Consider now the energy balances. Assuming that none of the water actually boils off (i.e. you are heating it to 100 degrees but not over) we are only adding heat to the system, and ideally taking nothing away. We know that the heat added to both must be the same (Q) since they are exposed to identical heat sources for the same amount of time.

The 2L water will become warmer according to the basic specific heat formula ($Q=mC\Delta T$, if m is lower $\Delta T$ will increase).

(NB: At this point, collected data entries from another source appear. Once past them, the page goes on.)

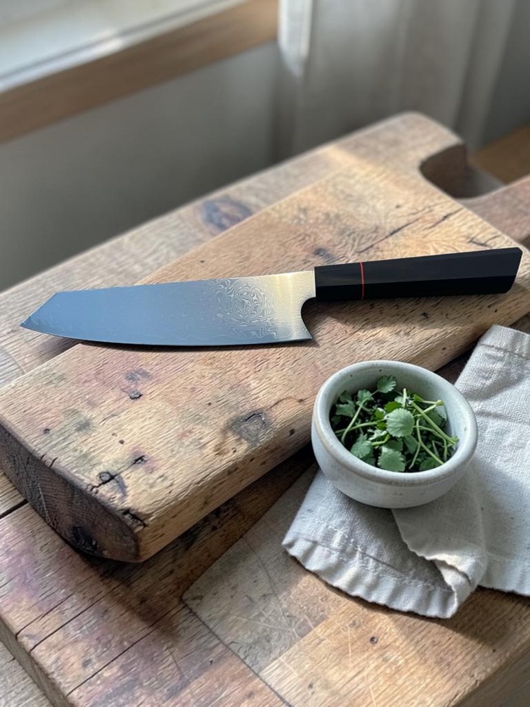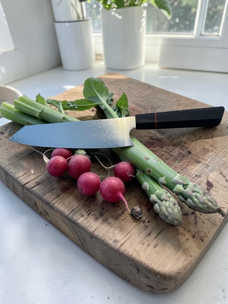 Für Fleisch, Gemüse und Obst geeignet.Damaststahl, wunderschöne Zeichnung. 67 Lagen Maschinendamast.Klingenlänge 21cmGesamtlänge 34cmG10 sehr angenehmer und robuster KunststoffgriffStähle: 1095/2CrV5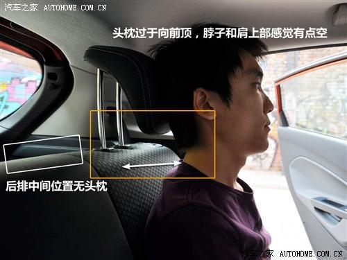 前排就是普通的手動六向調(diào)節(jié)方式,沒有什么可以特別說明的。而后排三人座只提供了兩個(gè)頭枕,頭枕可以上下調(diào)節(jié),但是過于向前探出,就會頂著人的后腦勺,使脖子部位懸空,感覺不是很舒適。而且,沒有車頂拉手給乘客用來維持身體平衡讓人很不習(xí)慣。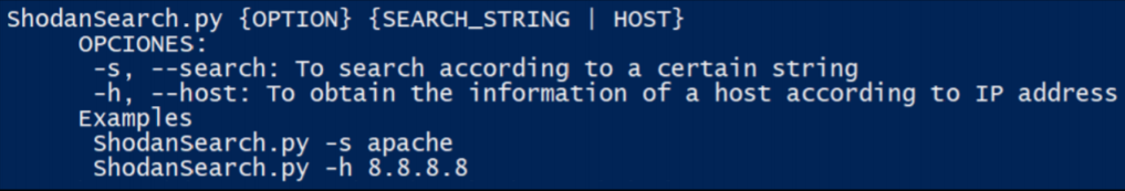 Al añadir el método anterior, nuestro script de ShodanSearch.py aceptaría por parámetro una cadena de búsqueda y la dirección IP del host: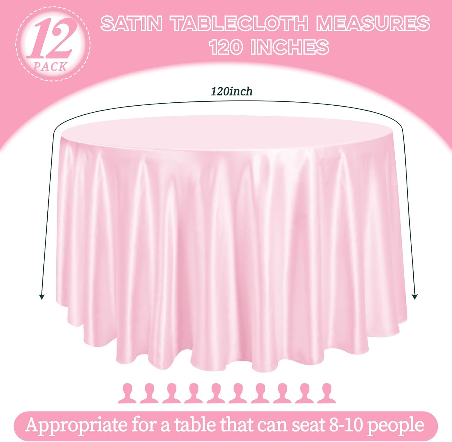 fani 12 Pack 120 Inch Light Pink Satin Tablecloth - Silky Round Tablecloth Overlay Smooth Fabric Table Cover, Bright Table Decoration for Wedding Party Banquet Events Restaurant Kitchen Dining

That said, the temperatures will be different, but we know that $Q_{4L} = Q_{2L} = Q$ due to the heat source. This means that regardless of the temperature, the total Q added to each system will be the same. This leaves us with: $$Q_{4L} = m_{B}C\Delta T_B = Q_{2L}= m_AC\Delta T_A$$ and since both A and B now have the same amount (20L) $m_a = m_b$ and therefore $\Delta T_A = \Delta T_B$.

This is because at the end of the day you're adding the same heat to the same mass, just using a different mass to transfer that heat.

Note: This answer changes dramatically if you consider the effects of water boiling off. If the water is allowed to boil and evaporate away, bucket B will be warmer after water is added. That is because the 2L bucket will evaporate faster than the 4L bucket, so the 4L bucket will end up adding more water and therefore more heat.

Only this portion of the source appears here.